Lalu, bagaimana caranya untuk bersinar bagi Tuhan? Pertama kita harus mengerti bahwa kita bisa bersinar bagi Tuhan bukan karena kekuatan kita sendiri, tapi karena kekuatan yang datang dari Tuhan. Tuhanlah yang memanggil dan memilih kita. Tuhanlah yang menginisasi rencana ini dan akan menyediakan apa yang kita butuhkan. Jika kita mengerti hal ini, kita akan menyadari bahwa hidup kita bukan tentang kita saja. Perbuatan baik kita adalah untuk memuliakan Tuhan, bukan sekedar untuk membangun popularitas atau untuk kepentingan pribadi lainnya. Sebagai terang, kenakanlah belas kasihan, kemurahan hati, kerendahan hati, kelemahlembutan, kesabaran, dan kasih. Semua ini dibutuhkan oleh keluarga, lingkungan sekitar, tempat bekerja, dan hubungan kita dengan sesama.

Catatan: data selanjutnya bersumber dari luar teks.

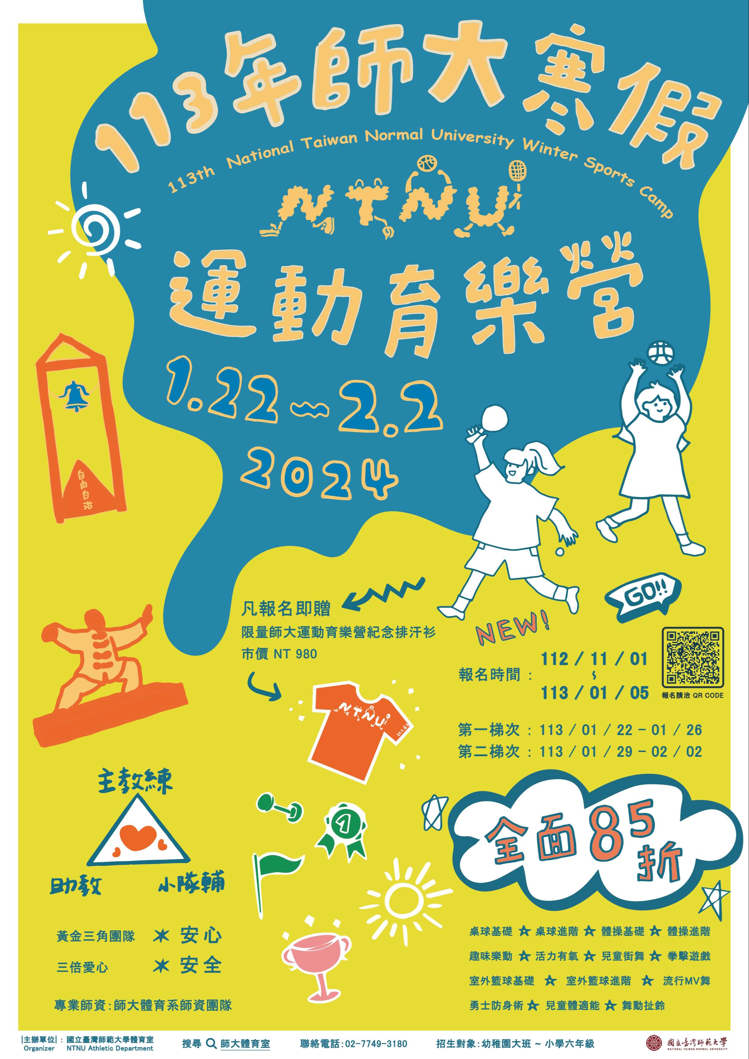 說明: 一、本校體育室為促進兒童身體發展、提升兒童體育素養,並 培養兒童運動習慣,特辦理寒假運動育樂營,以期家長更 加重視兒童體育教育。 二、本校於113年1月22日至113年2月2日開設「113年師大寒假 運動育樂營」,共兩梯次,計有14種運動項目,共20個班 別。招生對象為幼兒園大班至國民小學六年級。 三、檢附本育樂營招生海報及簡章供參。 四、敬請協助宣傳推廣貴校學生踴躍參與。

Dalam prosesnya, tentu kita akan menghadapi banyak sekali tantangan. Tapi tidak perlu takut karena Tuhan yang memilih kita itu setia. Bersandarlah kepada-Nya, andalkan Tuhan dalam semua aspek hidup kita sampai terang Tuhan bersinar melalui perbuatan baik kita dan nama Tuhan dimuliakan.
Doa
Tuhan aku ingin hidupku bersinar bagi-Mu. Kuatkan aku, agar setiap hari aku bisa memuliakan-Mu dengan setiap kata yang kuucapkan dan kunyanyikan, setiap pilihan yang kuambil, serta setiap perbuatan yang kulakukan. Amin.